Starting from today, I will be learning OLL algorithms daily.

OLL learning today:
OLL 6
r U2 R' U' R U' r'

This OLL should be easy to memorize.


----------



## Melvintnh327 (Aug 28, 2021)

was very busy yesterday, so I'll learn an OLL alg today.
today's OLL:
OLL 46
R' U' R' F R F' U R

this is basically an R' U' setup to sledgehammer, so this should be easy too.


----------



## CubeRed (Aug 28, 2021)

Wow, OLL already? I really should get going...


----------



## Melvintnh327 (Aug 28, 2021)

1.148 Jb perm


----------



## Garf (Aug 28, 2021)

How's 4x4 going? J-Perm and www.cubeskills.com have a lot on 4x4, you know.
Edit: and you can learn a lot from those resources.


----------



## Melvintnh327 (Aug 29, 2021)

TheEpicCuber said:


> How's 4x4 going? J-Perm and www.cubeskills.com have a lot on 4x4, you know.
> Edit: and you can learn a lot from those resources.

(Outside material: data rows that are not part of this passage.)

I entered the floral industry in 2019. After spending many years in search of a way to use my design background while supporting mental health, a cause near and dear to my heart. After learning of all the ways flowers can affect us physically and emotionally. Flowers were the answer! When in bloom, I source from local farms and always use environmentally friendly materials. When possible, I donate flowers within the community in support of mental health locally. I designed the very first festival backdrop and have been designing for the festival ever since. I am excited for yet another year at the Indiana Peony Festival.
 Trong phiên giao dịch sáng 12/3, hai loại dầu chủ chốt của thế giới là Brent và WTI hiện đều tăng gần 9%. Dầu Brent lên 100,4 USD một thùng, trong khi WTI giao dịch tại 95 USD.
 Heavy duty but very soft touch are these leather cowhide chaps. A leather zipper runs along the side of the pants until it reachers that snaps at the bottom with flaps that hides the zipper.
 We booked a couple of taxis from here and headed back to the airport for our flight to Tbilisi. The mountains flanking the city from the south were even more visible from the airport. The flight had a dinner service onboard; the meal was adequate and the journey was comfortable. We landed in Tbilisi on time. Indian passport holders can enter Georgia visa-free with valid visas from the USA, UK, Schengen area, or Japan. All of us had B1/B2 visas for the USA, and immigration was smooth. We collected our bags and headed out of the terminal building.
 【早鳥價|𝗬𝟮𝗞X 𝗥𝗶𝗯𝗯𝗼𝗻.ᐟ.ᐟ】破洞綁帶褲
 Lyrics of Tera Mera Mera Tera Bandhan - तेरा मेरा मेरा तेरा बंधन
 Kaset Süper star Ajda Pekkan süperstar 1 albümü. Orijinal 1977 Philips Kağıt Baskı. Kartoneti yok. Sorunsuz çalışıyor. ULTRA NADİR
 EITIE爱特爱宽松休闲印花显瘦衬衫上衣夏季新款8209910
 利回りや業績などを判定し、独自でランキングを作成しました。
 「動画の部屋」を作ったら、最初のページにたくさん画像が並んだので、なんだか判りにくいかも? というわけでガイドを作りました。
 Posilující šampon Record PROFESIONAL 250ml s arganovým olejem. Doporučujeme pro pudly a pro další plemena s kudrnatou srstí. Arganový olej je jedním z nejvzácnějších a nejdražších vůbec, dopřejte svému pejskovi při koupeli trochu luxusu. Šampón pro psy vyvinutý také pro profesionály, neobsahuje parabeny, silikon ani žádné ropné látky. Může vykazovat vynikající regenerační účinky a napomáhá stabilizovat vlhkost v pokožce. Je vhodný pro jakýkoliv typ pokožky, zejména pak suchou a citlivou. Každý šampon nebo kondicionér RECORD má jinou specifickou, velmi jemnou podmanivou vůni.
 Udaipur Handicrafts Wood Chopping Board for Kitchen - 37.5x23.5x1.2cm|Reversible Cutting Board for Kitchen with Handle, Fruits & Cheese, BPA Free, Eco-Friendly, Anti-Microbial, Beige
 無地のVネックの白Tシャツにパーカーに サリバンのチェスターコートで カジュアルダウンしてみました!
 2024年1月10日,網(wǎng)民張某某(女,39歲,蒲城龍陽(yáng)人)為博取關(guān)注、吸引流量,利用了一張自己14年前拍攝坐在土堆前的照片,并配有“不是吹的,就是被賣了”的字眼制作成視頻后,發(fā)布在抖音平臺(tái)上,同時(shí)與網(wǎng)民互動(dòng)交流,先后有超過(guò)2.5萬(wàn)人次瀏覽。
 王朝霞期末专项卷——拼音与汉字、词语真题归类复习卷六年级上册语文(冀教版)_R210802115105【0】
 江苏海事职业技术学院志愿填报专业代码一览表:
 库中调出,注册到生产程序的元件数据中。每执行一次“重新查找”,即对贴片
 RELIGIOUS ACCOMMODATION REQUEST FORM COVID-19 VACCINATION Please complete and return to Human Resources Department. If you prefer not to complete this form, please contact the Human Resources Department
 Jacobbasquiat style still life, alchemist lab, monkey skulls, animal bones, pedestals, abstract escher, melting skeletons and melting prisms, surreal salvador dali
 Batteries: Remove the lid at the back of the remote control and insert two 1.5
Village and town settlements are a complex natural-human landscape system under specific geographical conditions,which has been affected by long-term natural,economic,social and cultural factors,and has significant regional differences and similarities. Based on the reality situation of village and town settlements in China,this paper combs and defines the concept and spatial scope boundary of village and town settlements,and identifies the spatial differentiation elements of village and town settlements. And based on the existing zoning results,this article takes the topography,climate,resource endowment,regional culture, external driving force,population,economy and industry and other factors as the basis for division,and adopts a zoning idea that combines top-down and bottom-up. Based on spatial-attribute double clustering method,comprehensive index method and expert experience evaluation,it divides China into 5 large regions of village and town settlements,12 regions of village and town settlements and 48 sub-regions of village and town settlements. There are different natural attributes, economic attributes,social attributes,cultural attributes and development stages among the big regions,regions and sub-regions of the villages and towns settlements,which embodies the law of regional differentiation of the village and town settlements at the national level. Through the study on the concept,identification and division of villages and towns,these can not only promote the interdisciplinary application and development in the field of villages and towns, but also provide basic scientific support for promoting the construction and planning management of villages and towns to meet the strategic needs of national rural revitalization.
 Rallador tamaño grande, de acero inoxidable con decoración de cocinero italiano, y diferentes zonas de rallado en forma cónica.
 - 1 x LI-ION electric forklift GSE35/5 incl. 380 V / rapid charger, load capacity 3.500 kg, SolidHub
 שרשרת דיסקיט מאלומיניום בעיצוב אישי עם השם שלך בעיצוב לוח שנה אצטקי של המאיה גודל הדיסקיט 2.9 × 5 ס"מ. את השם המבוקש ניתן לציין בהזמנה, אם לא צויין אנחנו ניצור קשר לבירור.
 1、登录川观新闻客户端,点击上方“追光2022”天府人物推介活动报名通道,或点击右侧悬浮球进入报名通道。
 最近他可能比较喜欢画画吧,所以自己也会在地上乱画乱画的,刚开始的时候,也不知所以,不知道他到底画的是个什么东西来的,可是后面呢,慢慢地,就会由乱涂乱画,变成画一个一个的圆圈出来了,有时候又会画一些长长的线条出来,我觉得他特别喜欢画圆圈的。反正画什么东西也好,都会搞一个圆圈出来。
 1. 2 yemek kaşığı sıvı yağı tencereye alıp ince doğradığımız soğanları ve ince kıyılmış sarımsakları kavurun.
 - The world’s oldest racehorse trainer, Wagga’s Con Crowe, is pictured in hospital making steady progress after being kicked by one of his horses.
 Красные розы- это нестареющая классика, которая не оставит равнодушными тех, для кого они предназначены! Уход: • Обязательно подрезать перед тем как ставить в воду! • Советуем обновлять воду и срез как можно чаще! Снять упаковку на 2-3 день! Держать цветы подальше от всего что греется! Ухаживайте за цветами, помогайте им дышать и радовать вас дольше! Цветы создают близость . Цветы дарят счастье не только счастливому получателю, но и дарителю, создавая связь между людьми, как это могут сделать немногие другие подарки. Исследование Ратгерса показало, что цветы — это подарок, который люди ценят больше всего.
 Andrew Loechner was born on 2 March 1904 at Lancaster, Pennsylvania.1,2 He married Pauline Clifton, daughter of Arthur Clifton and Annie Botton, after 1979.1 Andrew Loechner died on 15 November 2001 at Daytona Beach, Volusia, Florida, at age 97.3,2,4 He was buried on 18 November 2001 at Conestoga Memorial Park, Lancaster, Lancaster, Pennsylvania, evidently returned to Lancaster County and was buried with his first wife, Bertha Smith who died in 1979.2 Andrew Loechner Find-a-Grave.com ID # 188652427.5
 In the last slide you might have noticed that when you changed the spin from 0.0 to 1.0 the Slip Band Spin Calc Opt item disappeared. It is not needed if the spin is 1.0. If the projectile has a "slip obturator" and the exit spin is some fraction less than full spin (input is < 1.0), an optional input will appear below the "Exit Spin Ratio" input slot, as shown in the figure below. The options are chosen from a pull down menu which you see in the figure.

learned 3-2-3 edge pairing, deciding to do some solves on it today


----------



## Melvintnh327 (Aug 29, 2021)

New 2x2 PB 1.758


----------



## Garf (Aug 29, 2021)

Nice!


----------



## Megaminx lover (Aug 30, 2021)

Melvintnh327 said:


> 1.148 Jb perm


I will stackmat my Jb Perm soon...


----------



## DuckubingCuber347 (Aug 30, 2021)

Megaminx lover said:


> I will stavkmat my Jb Perm soon...


Is that some kind of Russian knock off?


----------



## Melvintnh327 (Aug 30, 2021)

YES 21.344 3x3 PB LET'S GO
I like how my 3x3 pbs aren't lucky but my 2x2 pbs are lucky


----------



## Melvintnh327 (Aug 30, 2021)

1.070 Jb perm
Edit: 1.000 Jb perm (really) 
Picture for proof:


----------



## Megaminx lover (Aug 30, 2021)

Melvintnh327 said:


> 1.070 Jb perm
> Edit: 1.000 Jb perm (really)
> Picture for proof:View attachment 16805


lol beat you

Edit: New pb of 0.93


----------



## ruffleduck (Aug 30, 2021)

I don't want to spoil your guys' fun or anything, but stackmat and spacebar are pretty unreliable ways to time algs. They are usually inaccurate by around +-0.1 seconds, assuming you are careful with your starting and stop. If you really want to get serious, you should record the execution and framecount.


----------



## Melvintnh327 (Aug 31, 2021)

zzoomer said:


> I don't want to spoil your guys' fun or anything, but stackmat and spacebar are pretty unreliable ways to time algs. They are usually inaccurate by around +-0.1 seconds, assuming you are careful with your starting and stop. If you really want to get serious, you should record the execution and framecount.


how to framecount?


----------



## Garf (Aug 31, 2021)

Basically, you record each alg in a first person perspective. Then, you edit to 0.0001 of a frame until you get where you exactly start and finish the alg. Then you see how long it took. That is, I a man pretty sure that's how it works.


----------



## BenChristman1 (Aug 31, 2021)

Melvintnh327 said:


> how to framecount?





zzoomer said:


> All you have to do is count the number of frames your execution takes then divide it by the FPS to get the time.


----------



## Melvintnh327 (Aug 31, 2021)

forgot to mention yesterday, I learned a new OLL:
OLL 31
R' U' F U R U' R' F' R

I guess I'll learn a new OLL every two days since I'm just soooo busy.


----------



## Melvintnh327 (Sep 2, 2021)

sorry for not being active here, I'm still busy.


----------



## hellocubers (Sep 2, 2021)

Melvintnh327 said:


> forgot to mention yesterday, I learned a new OLL:
> OLL 31
> R' U' F U R U' R' F' R
> View attachment 16816
> I guess I'll learn a new OLL every two days since I'm just soooo busy.


That's nice.


----------



## Melvintnh327 (Sep 2, 2021)

New 7x7 PB 11:28.773


----------



## Melvintnh327 (Sep 3, 2021)

New Megaminx PB: 4:31.555


----------



## Melvintnh327 (Sep 4, 2021)

My new PB sheet!
https://docs.google.com/spreadsheets/.../edit?usp=drivesdk
Thanks to @BenChristman1 for this PB sheet!


----------



## BenChristman1 (Sep 4, 2021)

Melvintnh327 said:


> My new PB sheet!
> https://docs.google.com/spreadsheet...ALzbsmf4d8ZeoxpdrcvLIIev3Vg/edit?usp=drivesdk
> Thanks to @BenChristman1 for this PB sheet!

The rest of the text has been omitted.